To use the Curl Secret, you place a one-inch section of hair into the chamber. The device then twists it around the heating element and begins to curl the hair. When the device beeps multiple times, you release your grip on the handle and out comes a perfectly curled piece of hair. At least in theory. (You can watch a video demo, here.)
In reality, it takes quite a bit of practice to use the Curl Secret. If you put in too much hair, the device admonishes you with an angry beep. And if you don’t pay attention to how you’re holding the device and how much hair you’re curling at a time, you could wind up getting your hair stuck in the device. A situation that would likely result in a burned off chunk of hair. Awesome.
Once I got the hang of using Curl Secret, it took me about 15 minutes to curl all of my below-the-shoulder hair. The device has a size selector that allows you to choose tight, medium or loose waves, but since you can only use one-inch sections, the look isn’t as loose and modern as I would like.

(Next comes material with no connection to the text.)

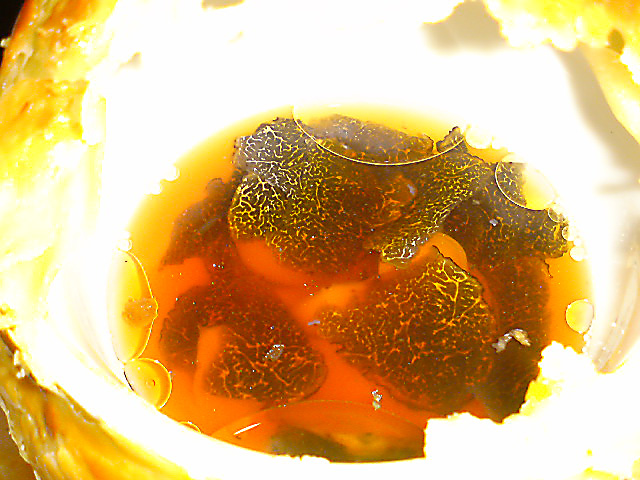 こんがり焼き上げたパイ包みの中には、濃厚なコンソメとトリュフがたっぷり。百合根などが入っています。パイを開けたとたん、芳醇な香りが漂ってきて幸せな気分になりました。幸せの1盃
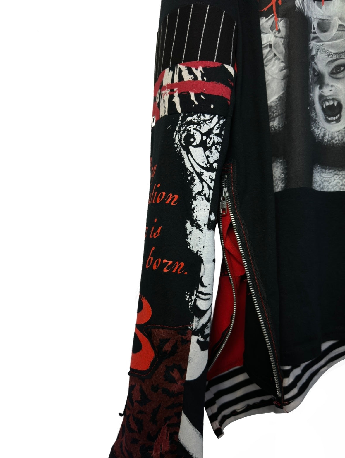 •  castle embroidery detail on sleeve

That being said, Curl Secret does curl your hair as promised with minimal heat damage and less time than it would take twisting a curling iron manually. As for staying power, the curls softened during the day, but my hair was still wavy by the evening.
Bottom line, if you like the look of curly hair but you want to make the process easier on yourself, try Curl Secret. The device does what it promises, creating a bevy of perfectly formed curls with minimal effort and heat damage. However, the curls are of the tighter spiral variety and the size limitations make it difficult to create larger waves. But given the time it saved me, the fact that every piece of hair curled on the first try (after some practice) and the absence of any burnt ends, I was happy with my purchase.
My advice? If you want to try Curl Secret, buy it from a retailer who will let you return it if you’re dissatisfied, like Ulta.